Polyfluoroalkyl derivatives of nitrogen. Part XXXIX. Preparation of NN-bistrifluoromethylamino-substituted allenes

Abstract

N-Bromobistrifluoromethylamine reacts with an excess of allene in the vapour phase in light to give the 1 : 1 adducts 2-bromo-NN-bistrifluoromethylprop-2-enylamine and 2-(bistrifluoromethylamino)-3-bromopropene in the ratio 90 : 10; the 2 : 1 adduct 1,3-di-(NN-bistrifluoromethylamino)-2,2-dibromopropane is obtained from a 2 : 1 molar mixture of the N-bromo-amine and allene. The major 1 : 1 adduct and the 2 : 1 adduct are dehydrobrominated in high yield to give the allenes NN-bistrifluoromethylpropadienylamine and 1,3-di(bistrifluoromethylamino)propadi-ene. respectively.

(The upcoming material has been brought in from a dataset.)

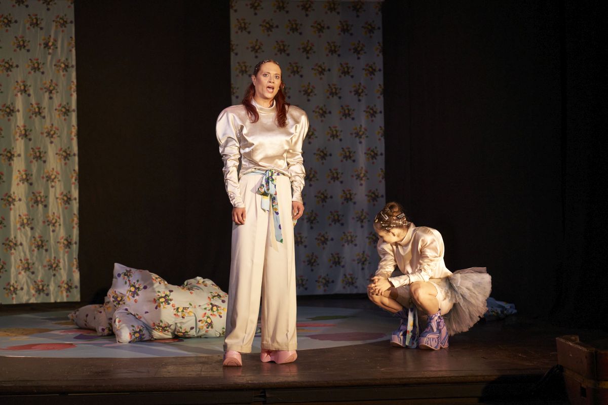 Die beiden Musikerinnen unterlegen das Bühnengeschehen von Beginn an mit so zurückhaltender wie prägnanter Kammermusik. Spiegelt diese anfangs noch das 19. Jahrhundert – es könnte Schubert oder Schumann sein -, so schreitet sie bald in die Moderne weiter, wenn Lena Sutor-Wernich ihre Lieder vorträgt. Deren Texte drehen sich, soweit man das nachverfolgen kann, stets um die Rolle der Frau. Da sie entweder in Französisch oder, wenn deutsch, dann in künstlerischem Stil gehalten und mit entsprechender Artikulation gesungen werden, sind sie nicht leicht zu verstehen. Doch auch ohne vollständiges Textverständnis erkennt man in jedem Lied dank der Ausdruckskraft der Sängerin das Leid und die Kritik an der Situation der Frau.

In the liquid phase in the dark the N-bromo-amine reacts with the monosubstituted allene to yield a mixture of 3,3-di(bistrifluoromethylamino)-2-bromopropene and cis- and trans-1,3-di(bistrifluoromethylamino)-2-bromopropene; the former adduct gives 1,1 -di(bistrifluoromethylamino)propadiene on dehydrobromination. 1,3,3-Tri(bistrifluoromethylamino)propadiene is formed by dehydrobromination of the NN-bromo-amine adduct with the 1,3-disubstituted allene; it reacts with the N-bromo-amine to afford NN-bistrifluoromethylamine and 1,1,3-tri(bistrifluoromethylamino)-3-bromopropadiene.